Penyesalan Setelah Diriku Tiada
Bab 3
Seketika, raut wajah Penny langsung pucat.
Dia langsung reflek berlutut di lantai, memelas dengan suara lirih,
“Maaf Kak Lisa, aku benar-benar lupa! Jangan marah, aku bisa ganti rasa lain.”
Tingkahnya yang begitu menyedihkan itu terlihat sangat lihai, sampai-sampai aku malah merasa sangat konyol.
Waktu pertama kali membuat kue krim kacang, aku benar-benar tidak tahu kalau dia alergi.
Saat itu dia hanya bilang, “Aku mau rasa krim kacang.” Demi menyenangkan hatinya, aku terus mencoba berkali-kali, bahkan sampai terkena luka bakar, baru berhasil membuat hasil yang lumayan.
Namun, dia malah alergi sampai nyaris masuk UGD.
Begitu sadar, dia langsung lari ke pelukan Billy, sambil menangis dan membelaku,
“Kakak, Kak Lisa itu berniat baik. Dia bilang nggak masalah kalau hanya coba sedikit. Semua ini salahku, aku yang nggak bisa menahan diriku, bukan salahnya….”
Sementara itu, aku hanya bisa berdiri di samping ranjang rumah sakit, menatap tatapan penuh tuduhan dari Billy dan kakakku, mencoba membela diri dengan pelan,
“Aku benaran nggak tahu dia alergi, dia nggak pernah bilang padaku….”
Balasannya adalah tendangan dari Billy yang mengarah ke perutku.

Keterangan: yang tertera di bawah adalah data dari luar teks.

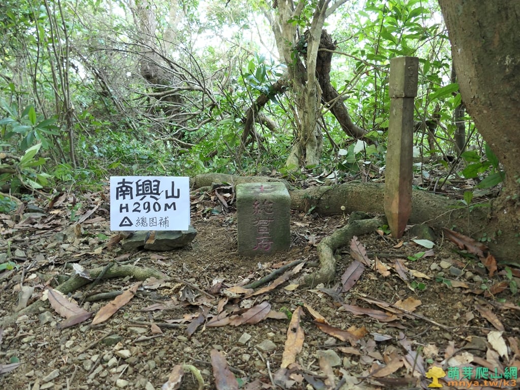 ▲南興山 標高290公尺 總督府圖根補點 座標:327460, 2723649;24.6157927 121.7731942

“Jangan cari alasan! Aku rasa kamu hanya nggak terima aku dan Reza lebih sayang dia!”
Tendangan itu membuatku terbentur sudut tembok. Rasanya sakit luar biasa sampai diriku jatuh ke lantai dan tak bisa bergerak.
Sejak hari itu, aku pun dikunci di kamar selama tiga hari penuh.
Tidak ada makanan, tidak ada air, bahkan pintu pun tak bisa kubuka.
Pada saat akhirnya aku dilepas, tubuhku sudah lemas nyaris tak kuat berdiri.
Mengingat masa itu, aku pun membuka mulut dengan dingin,
“Aku nggak bisa membuat rasa yang kamu mau. Kamu bisa beli sendiri saja.”
Namun, Penny masih belum menyerah. Dia tetap saja berkata, “Iya, aku nggak mau makan lagi. Kak Lisa jangan marah, ya.”
Namun, terlihat jelas kilatan kebencian di matanya. Tangannya semakin erat mencengkeram lenganku, sampai aku kesakitan dan spontan menepis. Dia pun langsung terjatuh ke lantai.
Suasana langsung membeku.
Kakak buru-buru menghampiri, membantu memapahnya dan memeriksa sikunya dengan cemas.
Sambil menangis pelan, Penny meringis, “Kak Reza, sakit sekali….”
Billy menarik lengan bajunya untuk memeriksa luka lecet kecil itu, lalu membentakku marah,
“Lisa! Kamu sudah gila?!”
Setelah itu, sebuah tamparan keras mendarat di pipiku.
“Kamu semakin kurang ajar saja! Jangan harap bisa makan malam ini! Cepat masuk kamar dan renungkan perbuatanmu!”
Tamparan itu sangat keras, sampai-sampai gigi geraham belakangku terasa bergoyang.
Melihat darah di sudut bibirku, wajah kakak sempat ragu.
Namun, saat Penny menangis lebih keras lagi, dia langsung berbalik untuk menenangkannya.
Aku diam-diam menyeka darah dari bibirku dan kembali ke kamar.
Bukan untuk merenung, tapi untuk mengambil koper yang sudah lama kusiapkan.
Waktu aku keluar dari kamar sambil menyeret koper, ruang tamu pun langsung hening.
Setelah itu, terdengarlah suara ejekan mereka,
“Wah, sudah bisa kabur dari rumah? Lisa, kamu itu sudah dewasa, masih mau mengambek seperti itu? Kalau kamu berani pergi hari ini, jangan harap bisa balik lagi.”
Aku sudah mati rasa dengan ancaman seperti ini.
Rumah ini memang tidak pernah benar-benar menjadi milikku.
Aku tidak menoleh dan hanya terus melangkah keluar.
Billy yang tampak sangat marah, melempar vas dari meja ke arahku.
Vas itu pecah tepat di dekat kakiku, serpihan kaca menancap di pergelangan kaki.
“Bagus! Pergi saja! Kalaupun kamu memohon untuk balik nantinya, jangan harap bisa masuk lagi ke rumah ini!”